On 7/26/2019 3:12 AM, Kirill Balunov wrote:
> чт, 25 июл. 2019 г. в 20:28, eryk sun <eryksun at gmail.com>:
> 
>> On 7/25/19, Kirill Balunov <kirillbalunov at gmail.com> wrote:
>>>
>>>>>> import os
>>>>>> from pathlib import Path
>>>>>> dummy = " "   # or "" or "     "
>>>>>> os.path.isdir(dummy)
>>> False
>>>>>> Path(dummy).is_dir()
>>> True
>>
>> I can't reproduce the above result in either Linux or Windows. The
>> results should only be different for an empty path string, since
>> Path('') is the same as Path('.'). The results should be the same for
>> Path(" "), depending on whether a directory named " " exists (normally
>> not allowed in Windows, but Linux allows it).
>>
>>
> I need to confirm that it was my fault and for non-empty strings (`" "` or `"

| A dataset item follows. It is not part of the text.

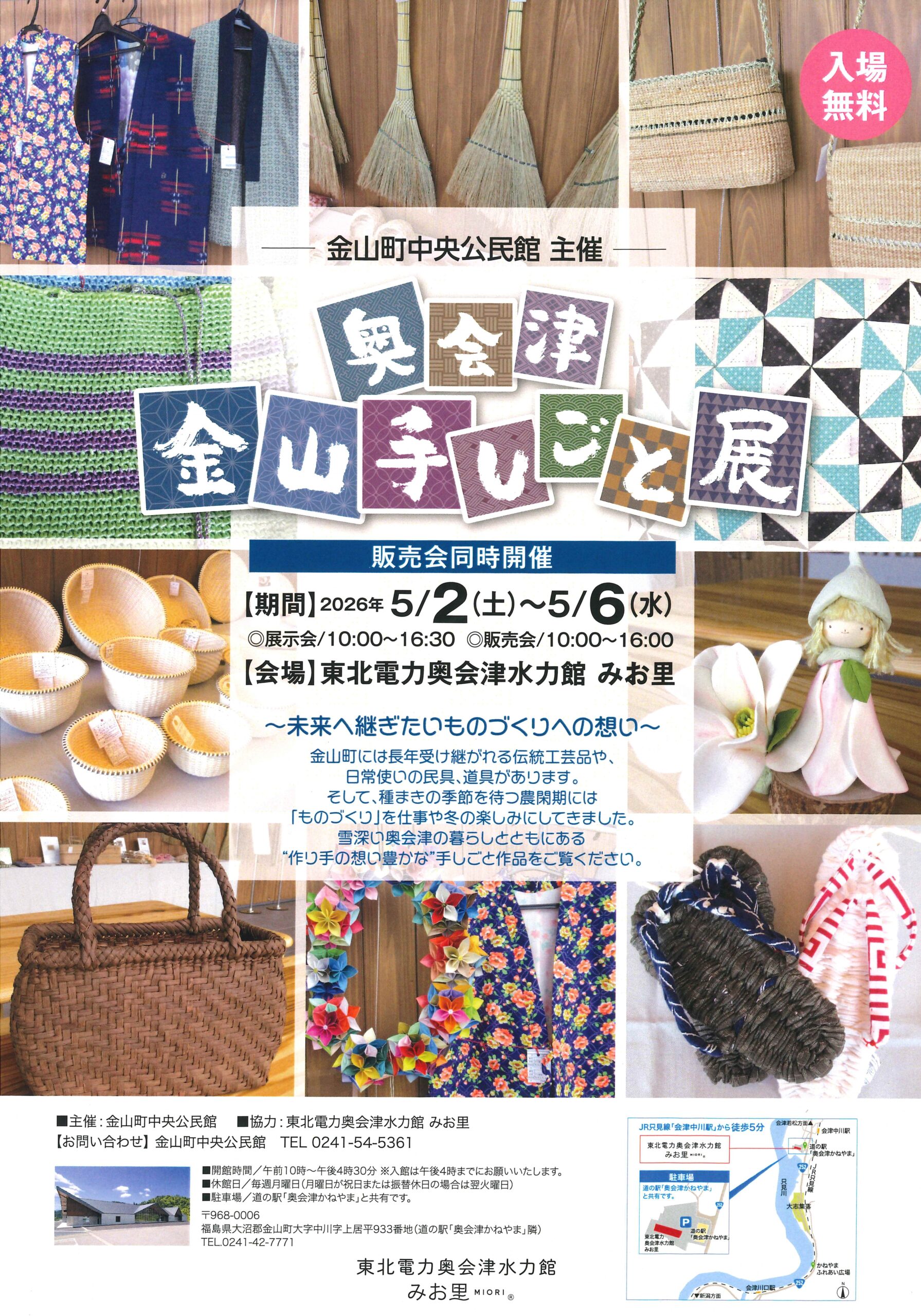 【GW5/2~6の5日間】奥会津金山町の自然素材を活かした「伝統工芸の展示・販売会」開催!当館みお里にて、ゴールデンウィーク期間中の5月2日(土曜日)から6日(水曜日)まで5日間、金山町中央公民館主催「奥会津金山手しごと展」(展示・販売会)が開催されます。

> "`), both `os.path.isdir(...)` and `Path(...).is_dir()` produce the same
> results.So sorry for the noise.
> 
> Concerning the case with empty path string, I will open a ticket at the bug
> tracker (but for some reason it is blocked in my country :(
> https://isitblockedinrussia.com/?host=https%3A%2F%2Fbugs.python.org%2F).

For me, this now returns 'No, https://bugs.python.org is probably not 
blocked in Russia. Yet.'.

> Obviously
> these are not equivalent forms, so either this should be noted in the
> documentation or corrected in the code.